Top 10 Mobile App Trends to Come

With Apple’s App store offering more than 100,000 iPhone apps and competitors such as the Android Marketplace clamoring to catch up, it’s no surprise mobile apps are hot — but for developers, the question is: Which ones?

Research firm Gartner today released its list of the top 10 consumer smartphone apps for 2012, based on the following factors: impact on consumers and industry players, revenue considerations, loyalty, business model, consumer value and estimated market penetration.

At the No. 1 spot on Gartner’s list of top mobile consumer apps is money transfers, followed by location-based services (LBS) and mobile search. In the fourth spot is mobile browsing, while mobile health monitoring checked in at No. 5.

Making the cut in the second half of the list are: mobile payments, near-field communications , mobile advertising, mobile instant messaging and mobile music services.

The apps identified by Gartner come at a time when the impact of smartphone applications reaches to all corners of the wireless industry. Fueling the app craze is the healthy performance of smartphones in the market — while mobile phone sales checked in at 309 million for Q3, a mere 0.1 gain from the same period last year, the smartphone segment topped 41 million, a gain of almost 13 percent from Q3 2008.

At the same time, however, the role of carriers is becoming simultaneously less integral to mobile apps, as device- and OS-based app markets like the Apple App Store continue to take off.

“Consumer mobile applications and services are no longer the prerogative of mobile carriers,” Sandy Shen, research director at Gartner, said in a statement. “The increasing consumer interest in smartphones, the participation of Internet players in the mobile space, and the emergence of application stores and cross-industry services are reducing the dominance of mobile carriers. Each player will influence how the application is delivered and experienced by consumers, who ultimately vote with their attention and spending power.”

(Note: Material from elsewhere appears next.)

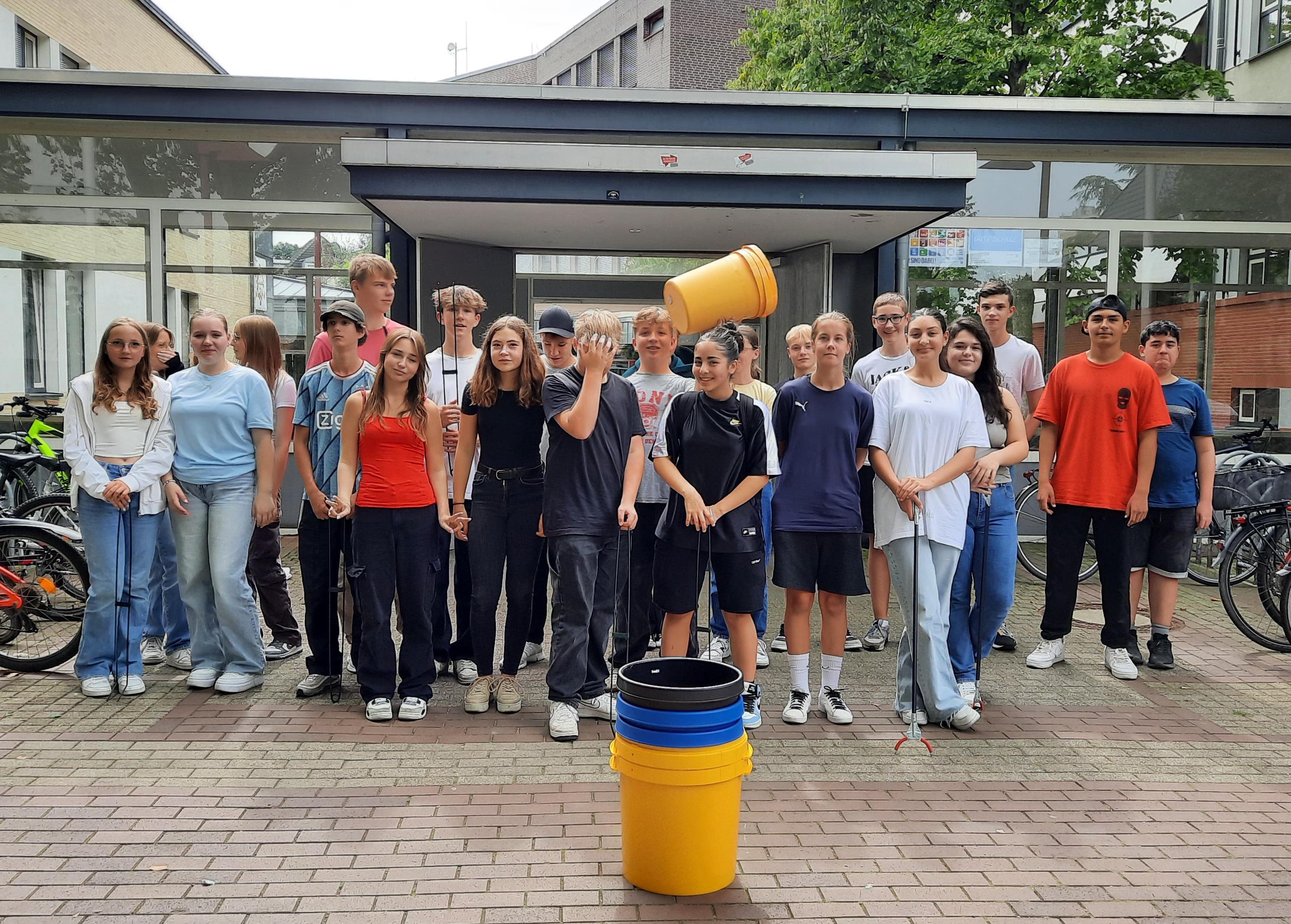 In der 34. Schulwoche hat die Klasse 8a im nahen Umfeld der Schule Müll aufgesammelt. Unterstützung erhielten sie von Jana, einem Schaustellerkind, die anlässlich der Himmelfahrtskirmeskirmes in Lünen vorübergehend in der Klasse unterrichtet wurde.

Shen added that specialized market apps are the ones poised for success as the market matures.

“The ultimate competition between industry players is for control of the ‘ecosystem’ and user experience, and the owner of the ecosystem will benefit the most in terms of revenue and user loyalty,” Shen said. “We predict that most users will use no more than five mobile applications at a time and most future opportunities will come from niche market ‘killer applications.'”

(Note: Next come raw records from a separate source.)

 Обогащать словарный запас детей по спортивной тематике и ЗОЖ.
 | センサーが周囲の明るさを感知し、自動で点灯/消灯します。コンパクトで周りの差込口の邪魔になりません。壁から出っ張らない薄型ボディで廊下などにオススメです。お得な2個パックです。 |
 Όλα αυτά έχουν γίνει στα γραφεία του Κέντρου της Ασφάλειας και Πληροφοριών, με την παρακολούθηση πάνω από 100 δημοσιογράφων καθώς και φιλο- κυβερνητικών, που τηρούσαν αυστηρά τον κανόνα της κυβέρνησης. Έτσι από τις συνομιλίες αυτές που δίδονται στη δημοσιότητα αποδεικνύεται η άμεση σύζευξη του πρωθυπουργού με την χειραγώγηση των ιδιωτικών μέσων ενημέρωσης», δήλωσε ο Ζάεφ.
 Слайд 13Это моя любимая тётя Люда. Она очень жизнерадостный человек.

While mobile money transfers via SMS tops the list, this service is seen as popular primarily with overseas users in developing markets, and it faces regulatory challenges despite its popularity, according to Gartner.

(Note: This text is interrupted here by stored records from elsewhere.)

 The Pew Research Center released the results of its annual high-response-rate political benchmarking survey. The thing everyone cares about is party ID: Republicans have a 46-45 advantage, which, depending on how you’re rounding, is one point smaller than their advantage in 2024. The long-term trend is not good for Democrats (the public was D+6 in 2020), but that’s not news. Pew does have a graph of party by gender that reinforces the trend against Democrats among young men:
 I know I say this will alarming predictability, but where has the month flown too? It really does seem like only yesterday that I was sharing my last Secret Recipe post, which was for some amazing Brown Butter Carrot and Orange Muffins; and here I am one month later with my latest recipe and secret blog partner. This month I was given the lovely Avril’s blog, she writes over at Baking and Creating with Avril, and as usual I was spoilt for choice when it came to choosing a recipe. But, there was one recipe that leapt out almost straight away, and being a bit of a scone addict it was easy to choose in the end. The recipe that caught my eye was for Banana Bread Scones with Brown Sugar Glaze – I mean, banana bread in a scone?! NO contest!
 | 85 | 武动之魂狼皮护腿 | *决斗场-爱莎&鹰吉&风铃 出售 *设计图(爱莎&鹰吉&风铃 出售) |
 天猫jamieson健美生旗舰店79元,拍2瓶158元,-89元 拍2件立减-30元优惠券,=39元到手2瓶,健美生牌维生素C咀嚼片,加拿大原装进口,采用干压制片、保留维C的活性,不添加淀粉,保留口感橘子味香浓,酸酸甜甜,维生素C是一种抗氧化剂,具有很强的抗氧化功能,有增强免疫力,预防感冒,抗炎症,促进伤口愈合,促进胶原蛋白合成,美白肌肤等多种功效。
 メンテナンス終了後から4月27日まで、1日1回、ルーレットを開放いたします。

For most developers, it’s the No. 1 category of applications — location-based services, or LBS — where a lot of the action in app development will take place. Gartner described LBS as “one of the most disruptive in the next few years.”

The LBS user base will grow globally from 96 million in 2009 to more than 526 million in 2012, according to the report. “LBS is ranked No. 2 in Gartner’s top 10 because of its perceived high user value and its influence on user loyalty. Its high user value is the result of its ability to meet a range of needs, from productivity and goal fulfillment to social networking and entertainment,” Shen said.

Mobile search and browsing, No. 3 and No. 4 respectively, are going to be popular due to their mass appeal to both businesses and users.

Another mobile technology poised to break out is No. 8, mobile advertising. Gartner sees advertising-based app initiatives becoming more popular as smartphones proliferate in the marketplace, and eventually becoming a standard channel in the advertising mix used by brands.

Total spending on mobile advertising in 2008 totaled $530.2 million, which Gartner expects to grow to $7.5 billion in 2012.

“Mobile advertising makes the top 10 list because it will be an important way to monetize content on the mobile Internet, offering free applications and services to end users,” Shen said. “The mobile channel will be used as part of larger advertising campaigns in various media, including TV, radio, print and outdoors.”

Gartner’s certainly not the first to recognize the looming importance of mobile advertising. In recent weeks alone, Google purchased mobile ad firm AdMob in a move to cash in on the sector’s growth.